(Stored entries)
'''

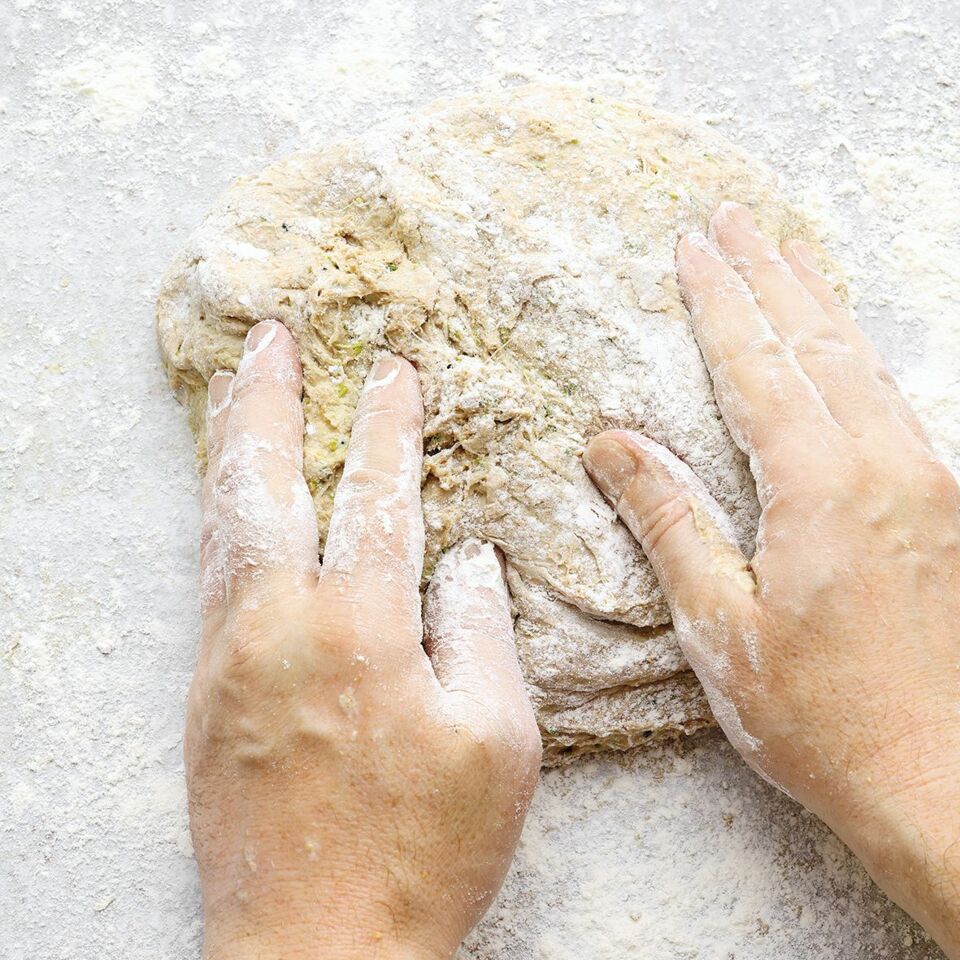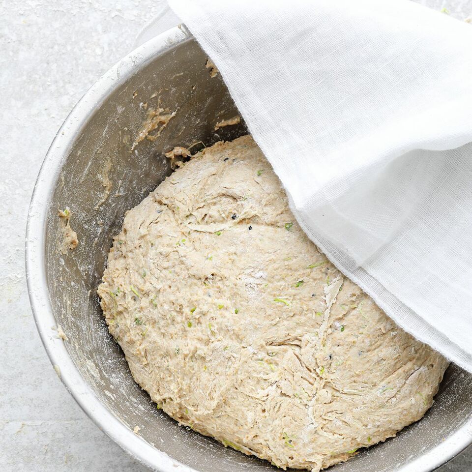 Hefewasser, Sauerteig und Aceto balsamico zur Mehlmischung geben und alles mit dem Knethaken der Küchenmaschine in ca. 2 Min. zu einem klebrigen Teig verkneten. Die Sprossen hinzufügen und nur kurz unterkneten. Den Teig auf der Arbeitsfläche mit bemehlten Händen noch kurz durchkneten, er sollte immer noch klebrig und feucht sein. Den Teig in eine Schüssel legen und abgedeckt bei Zimmertemperatur ca. 1 Std. gehen lassen.
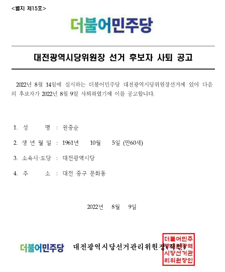 대전광역시당위원장 선거 후보자 사퇴 공고
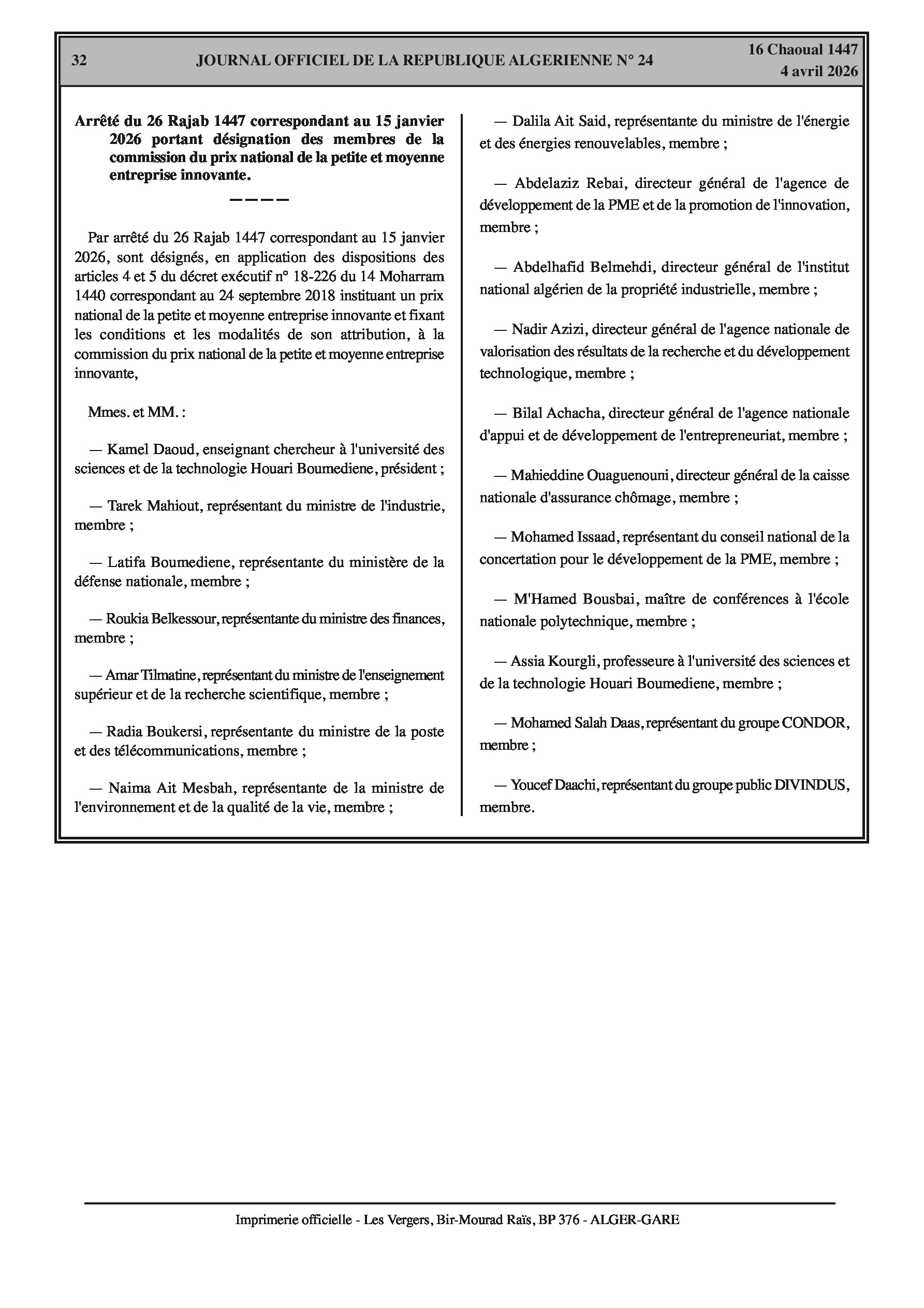 Arrêté fixant l'organisation du ministère de l'Industrie et désignation des membres de la commission du prix de la PME innovante.
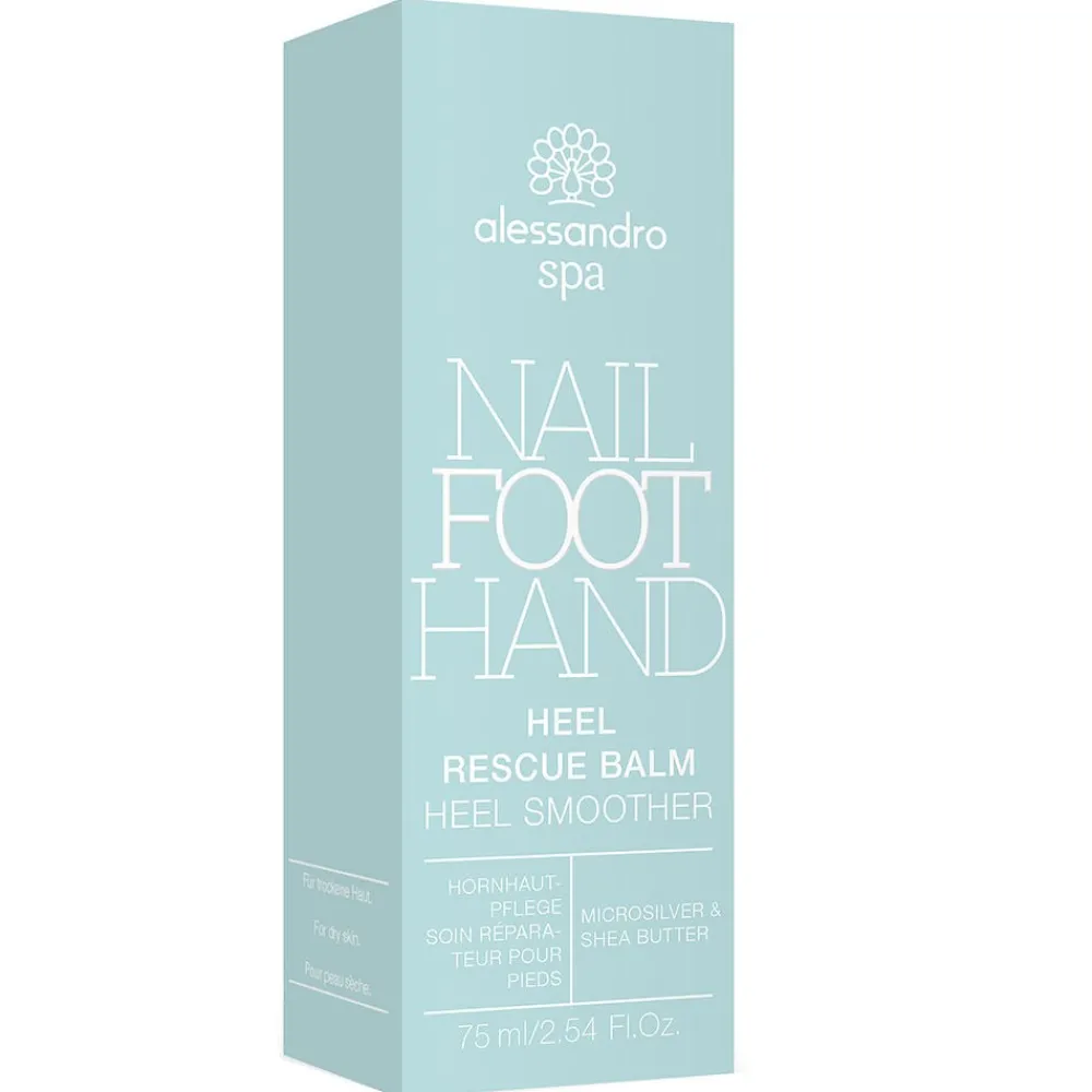 Der alessandro International Heel Rescue Balm ist eine reichhaltige Fußpflegecreme mit wertvollen Inhaltsstoffen, wie Mikrosilber, Teebaumöl, Sandelholzextrakt und Sheabutter. Für geschmeidige Füße.
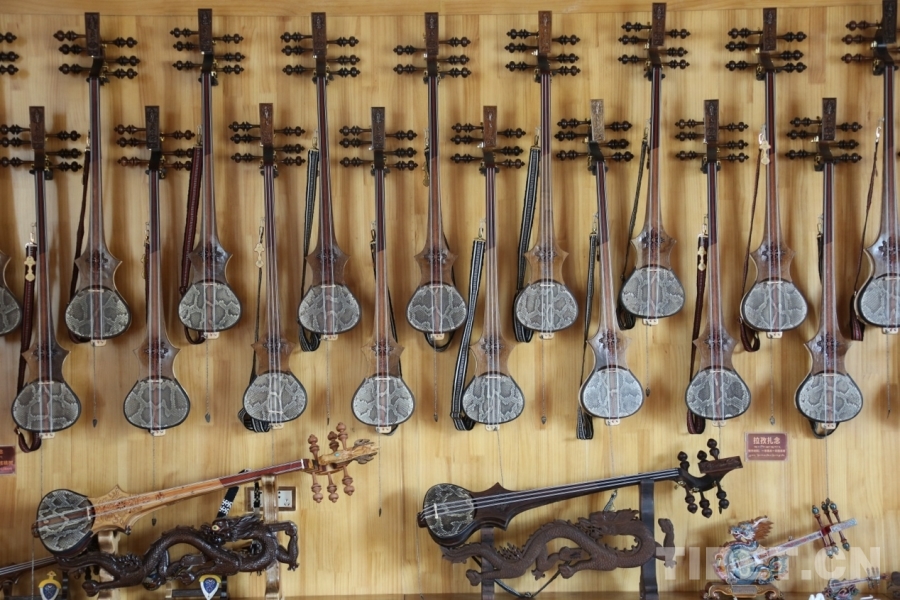 作為“堆諧之鄉(xiāng)”拉孜縣的代表性樂器,扎念琴制作已有數(shù)百年歷史。合作社負責人頓加介紹,一把純手工扎念琴需選用楊木做共鳴箱、花梨木制琴桿,經(jīng)過刨削、雕鏤、蒙皮等20余道工序,一個人耗時6天左右方能完成?!扒兕^雕馬象征吉祥,背面‘巴絡'凸紋既美觀又防滑,這些都是祖輩傳下的智慧。”如今,這項非遺技藝通過“致富帶頭人+合作社+農(nóng)戶”模式,年生產(chǎn)扎念琴超500把,帶動社員人均年收入達4.5萬元。
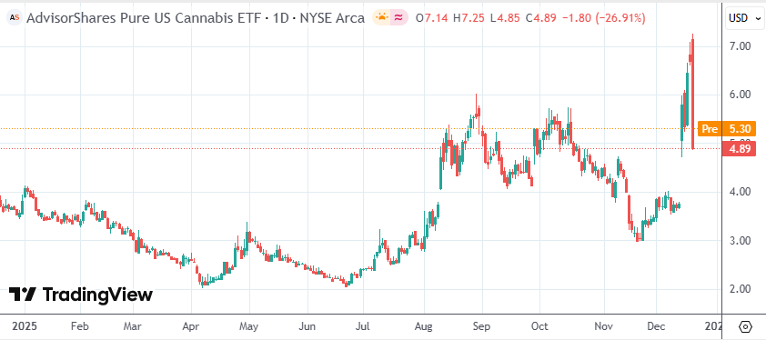 行情显示,截至周四美股收盘,大麻ETF“AdvisorShares Pure US Cannabis ETF”(代码:MSOS)下跌26.91%,回吐了本周所有涨幅,上一次录得这样的单日跌幅还是在2024年11月6日。
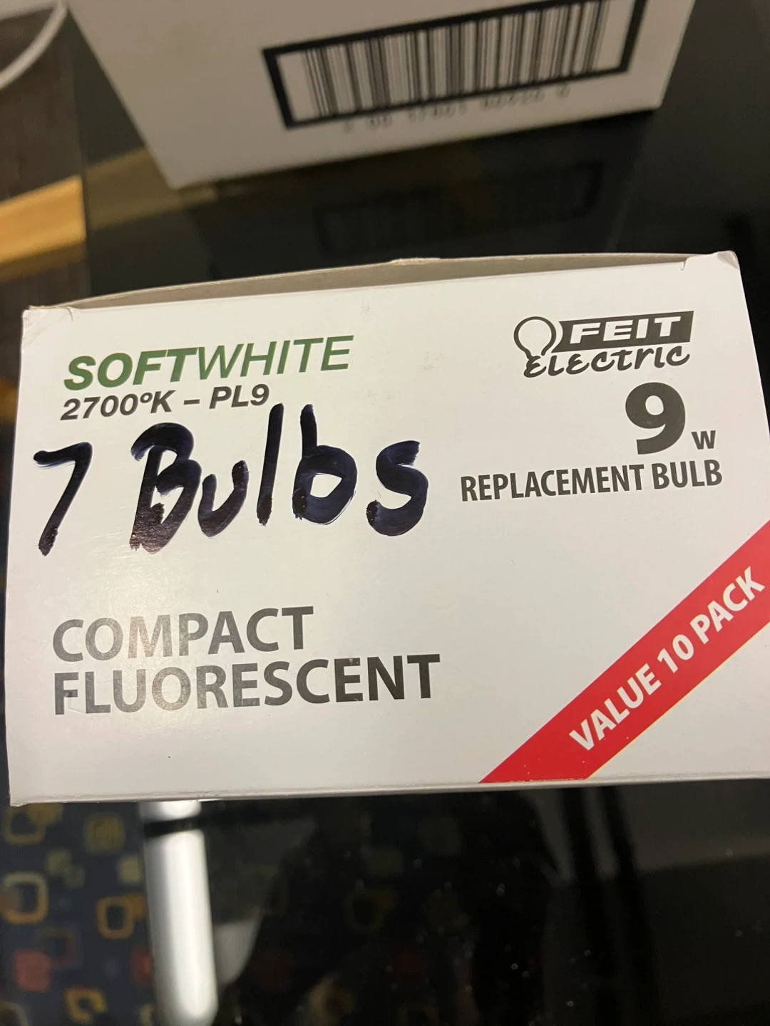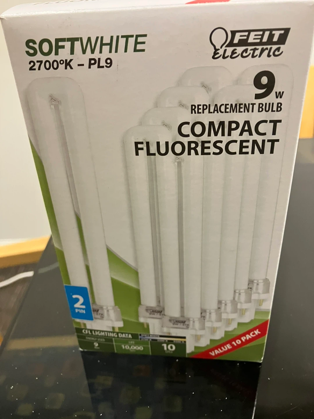 Selling a 7 pack of Feit Electric compact fluorescent light bulbs. These are soft white, 2700K, and 9W. There are 7 bulbs in the pack. Perfect for replacing old bulbs! Cash and pick up only!
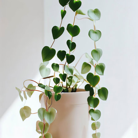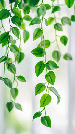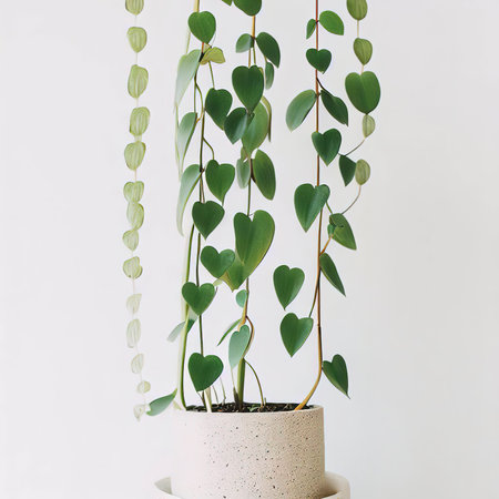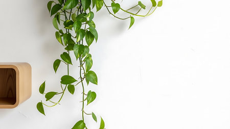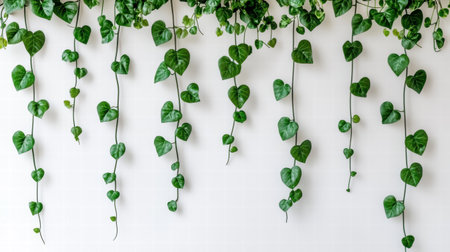 A captivating arrangement of green heart-shaped leaves gracefully hanging against a clean white wall. This image brings nature indoors, enhancing interior decor.

'''

▶ Activity
When you give the entries again, keep them exact and omit any picture they contain.

▶ Answer to this exercise
 Hefewasser, Sauerteig und Aceto balsamico zur Mehlmischung geben und alles mit dem Knethaken der Küchenmaschine in ca. 2 Min. zu einem klebrigen Teig verkneten. Die Sprossen hinzufügen und nur kurz unterkneten. Den Teig auf der Arbeitsfläche mit bemehlten Händen noch kurz durchkneten, er sollte immer noch klebrig und feucht sein. Den Teig in eine Schüssel legen und abgedeckt bei Zimmertemperatur ca. 1 Std. gehen lassen.
 대전광역시당위원장 선거 후보자 사퇴 공고
 Arrêté fixant l'organisation du ministère de l'Industrie et désignation des membres de la commission du prix de la PME innovante.
 Der alessandro International Heel Rescue Balm ist eine reichhaltige Fußpflegecreme mit wertvollen Inhaltsstoffen, wie Mikrosilber, Teebaumöl, Sandelholzextrakt und Sheabutter. Für geschmeidige Füße.
 作為“堆諧之鄉(xiāng)”拉孜縣的代表性樂器,扎念琴制作已有數(shù)百年歷史。合作社負責人頓加介紹,一把純手工扎念琴需選用楊木做共鳴箱、花梨木制琴桿,經(jīng)過刨削、雕鏤、蒙皮等20余道工序,一個人耗時6天左右方能完成?!扒兕^雕馬象征吉祥,背面‘巴絡'凸紋既美觀又防滑,這些都是祖輩傳下的智慧。”如今,這項非遺技藝通過“致富帶頭人+合作社+農(nóng)戶”模式,年生產(chǎn)扎念琴超500把,帶動社員人均年收入達4.5萬元。
 行情显示,截至周四美股收盘,大麻ETF“AdvisorShares Pure US Cannabis ETF”(代码:MSOS)下跌26.91%,回吐了本周所有涨幅,上一次录得这样的单日跌幅还是在2024年11月6日。
 Selling a 7 pack of Feit Electric compact fluorescent light bulbs. These are soft white, 2700K, and 9W. There are 7 bulbs in the pack. Perfect for replacing old bulbs! Cash and pick up only!
 A captivating arrangement of green heart-shaped leaves gracefully hanging against a clean white wall. This image brings nature indoors, enhancing interior decor.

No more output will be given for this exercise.